§ **Data for this task**
↓↓↓
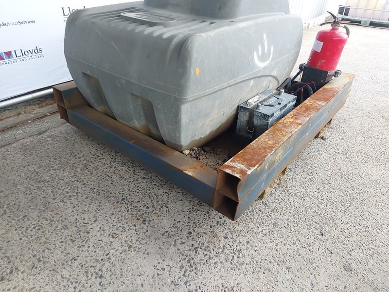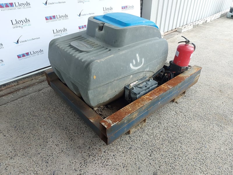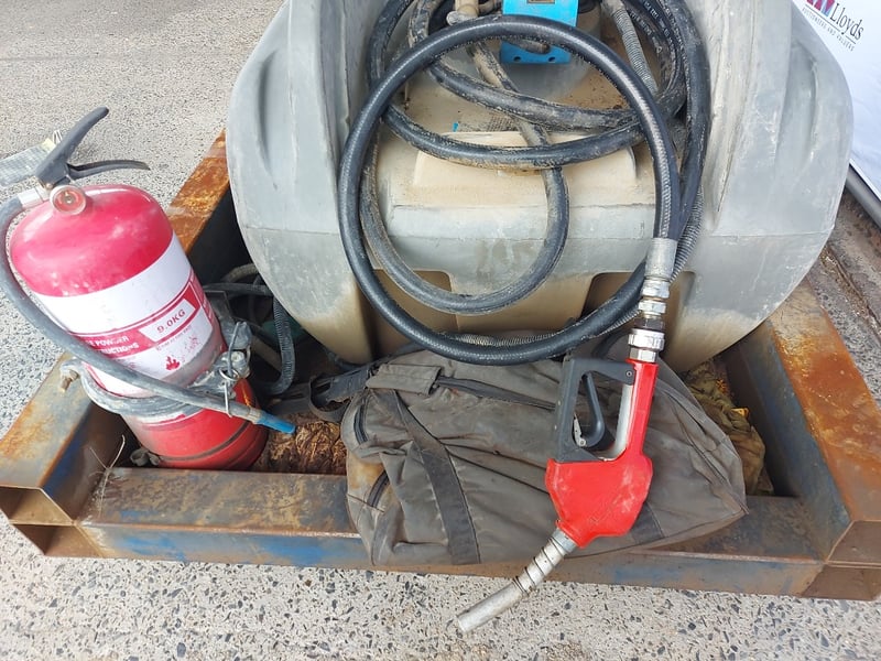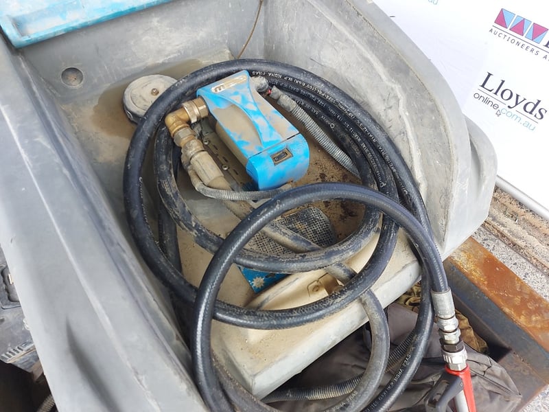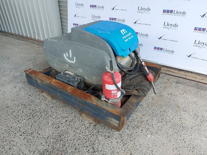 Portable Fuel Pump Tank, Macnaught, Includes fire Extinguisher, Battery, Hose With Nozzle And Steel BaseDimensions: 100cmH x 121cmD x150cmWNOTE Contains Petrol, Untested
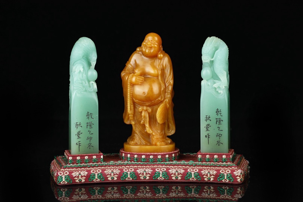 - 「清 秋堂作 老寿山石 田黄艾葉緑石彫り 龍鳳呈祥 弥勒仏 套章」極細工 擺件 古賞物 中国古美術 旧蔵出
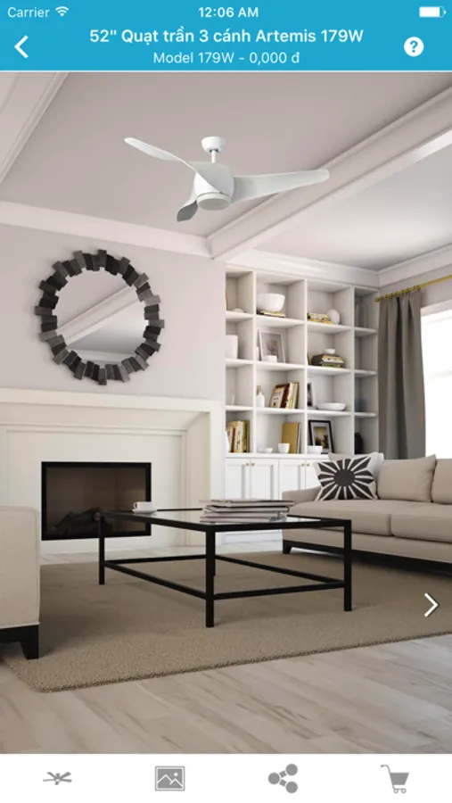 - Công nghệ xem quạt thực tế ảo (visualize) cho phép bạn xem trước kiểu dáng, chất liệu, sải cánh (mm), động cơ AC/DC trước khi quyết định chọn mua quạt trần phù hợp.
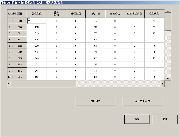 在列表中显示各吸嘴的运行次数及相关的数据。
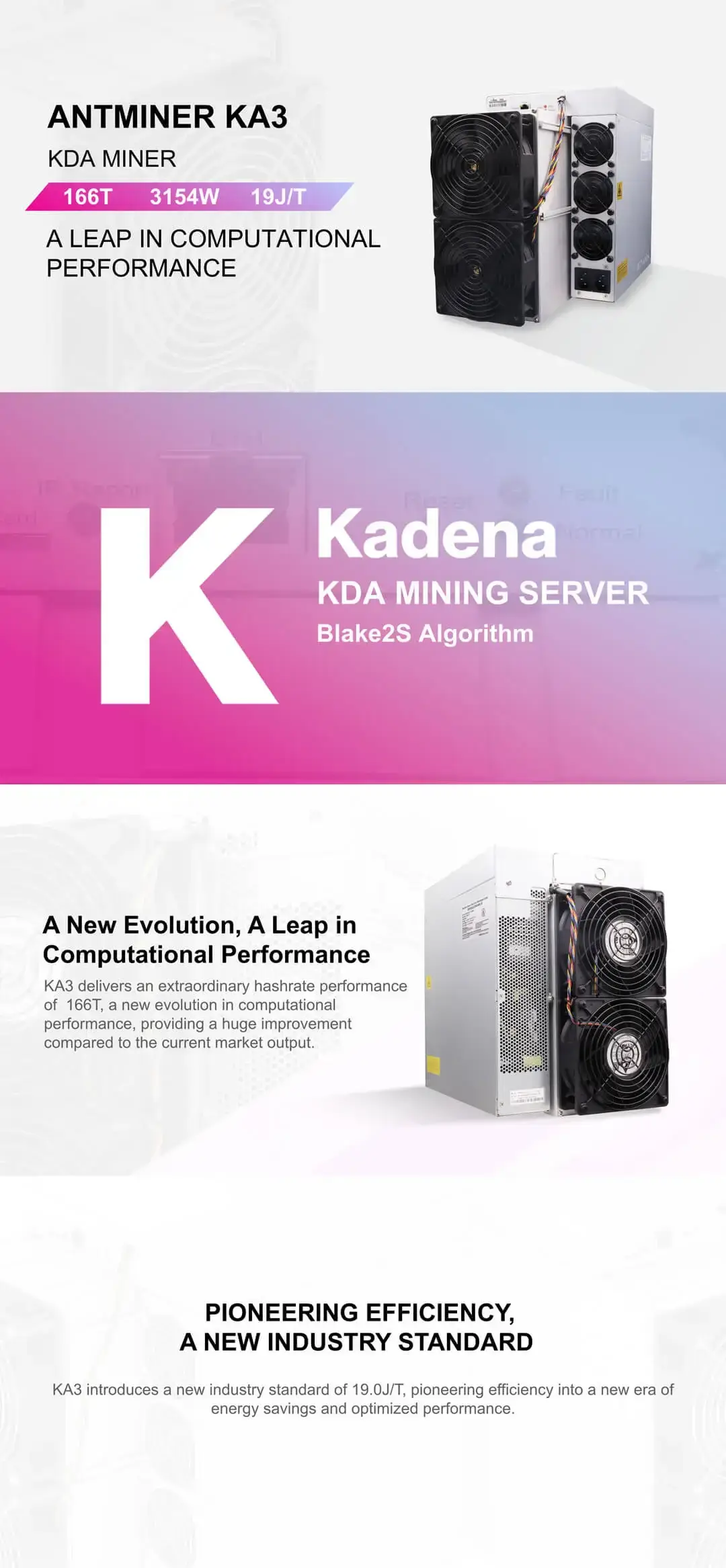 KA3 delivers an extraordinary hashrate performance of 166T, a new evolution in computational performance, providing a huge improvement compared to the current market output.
↑↑↑
§ **Work request**
Return each line of the material exactly as written; exclude the pictures.

§ **Solution below**
 Portable Fuel Pump Tank, Macnaught, Includes fire Extinguisher, Battery, Hose With Nozzle And Steel BaseDimensions: 100cmH x 121cmD x150cmWNOTE Contains Petrol, Untested
 - 「清 秋堂作 老寿山石 田黄艾葉緑石彫り 龍鳳呈祥 弥勒仏 套章」極細工 擺件 古賞物 中国古美術 旧蔵出
 - Công nghệ xem quạt thực tế ảo (visualize) cho phép bạn xem trước kiểu dáng, chất liệu, sải cánh (mm), động cơ AC/DC trước khi quyết định chọn mua quạt trần phù hợp.
 在列表中显示各吸嘴的运行次数及相关的数据。
 KA3 delivers an extraordinary hashrate performance of 166T, a new evolution in computational performance, providing a huge improvement compared to the current market output.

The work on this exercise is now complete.